On my return to the United States I was fortunate to meet Ichiro Hori, an outstanding younger Japanese folklore scholar then lecturing at Harvard University and the University of Chicago on popular Buddhism, and Mrs. Hori, the daughter of Professor Yanagita. Professor Hori has graciously read my introduction and given me helpful suggestions. To contributors of the forthcoming Studies in Japanese Folklore which I am editing for the Indiana University Folklore Series, I must express gratitude for a preview of their illuminating articles. My deep thanks go to Professor George K. Brady of the University of Kentucky, who has helped make available in English translation important Japanese folklore studies, and who has aided me in personal ways. Indiana University has bountifully provided me with research facilities.
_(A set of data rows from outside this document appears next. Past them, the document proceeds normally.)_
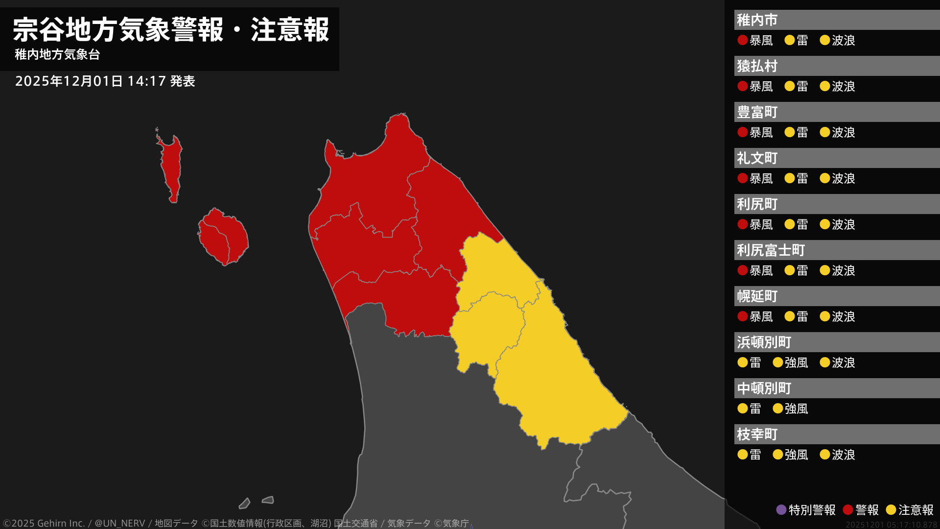 【宗谷地方 気象警報・注意報 2025年12月01日 14:17】
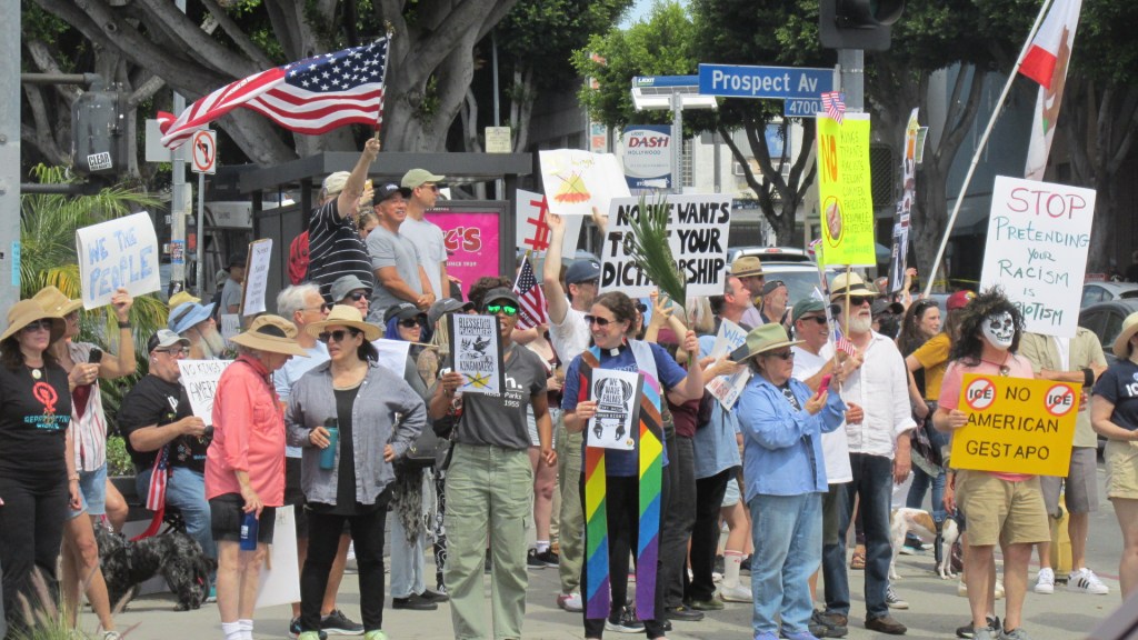 I heard that thousands of people showed up for the “No Kings” protest in Downtown LA yesterday, but since I’ve been to a number of the gatherings at LA City Hall, I decided to check out some of the smaller local events. The No Kings organizers reported record turnout across the nation, and while you always have to be skeptical about the numbers given by organizers, it does seem like an increasing number of people are angry and frustrated about the direction the country is going in. The war in Iran, ongoing ICE raids and rising prices seem to be at the top of the list of grievances.
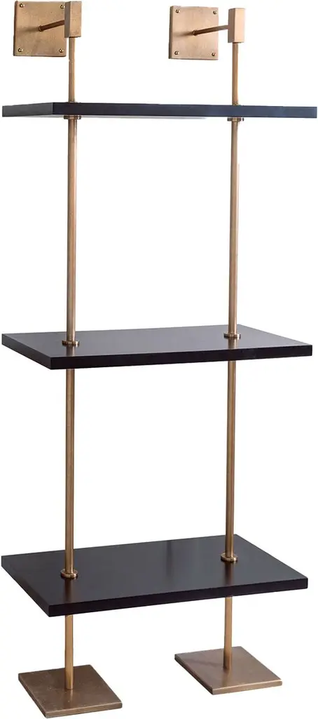 Whether you hang it on a wall or stand it on the floor, this three-shelf unit will bring timeless glamour to a room. The aged brass finish of the supports complements the semigloss black finish of the shelves to perfection.
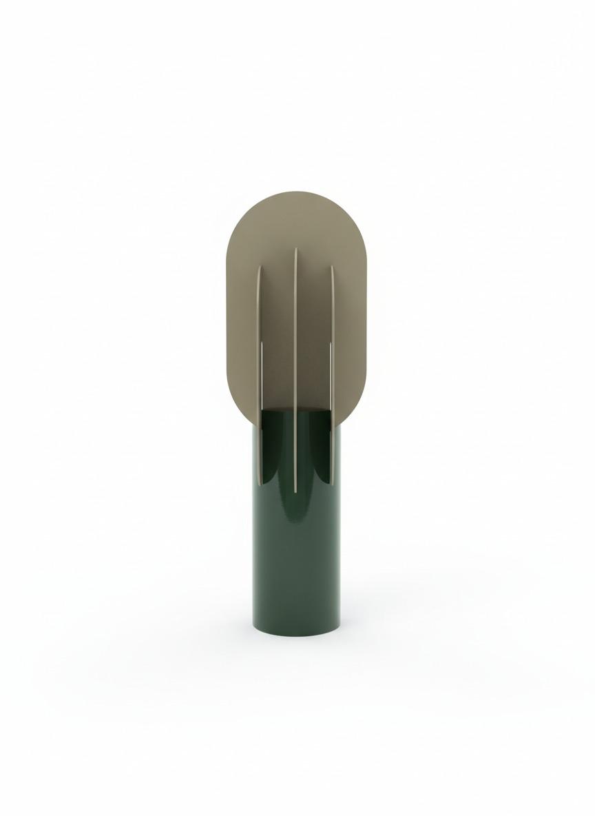 Le Totem Verde est une pièce sculpturale au design minimaliste, fusionnant lignes organiques et rigueur architecturale. Sa base cylindrique, d’un vert profond et brillant, évoque la stabilité et l’élégance. Surplombée d’une forme ovale aux teintes terreuses, ponctuée de fentes verticales comme des éclats de lumière, l’ensemble incarne l’équilibre entre nature et modernité.

Both Miss Ishiwara and Miss Saito, named above, and Meredith Weatherby of the Tuttle Company have been most helpful in checking my manuscript and straightening out certain perplexing points.

Finally, I must express my pleasure and good fortune to have as publisher an old friend and classmate, Charles E. Tuttle, who has been so active in the publication of "books to span the East and West."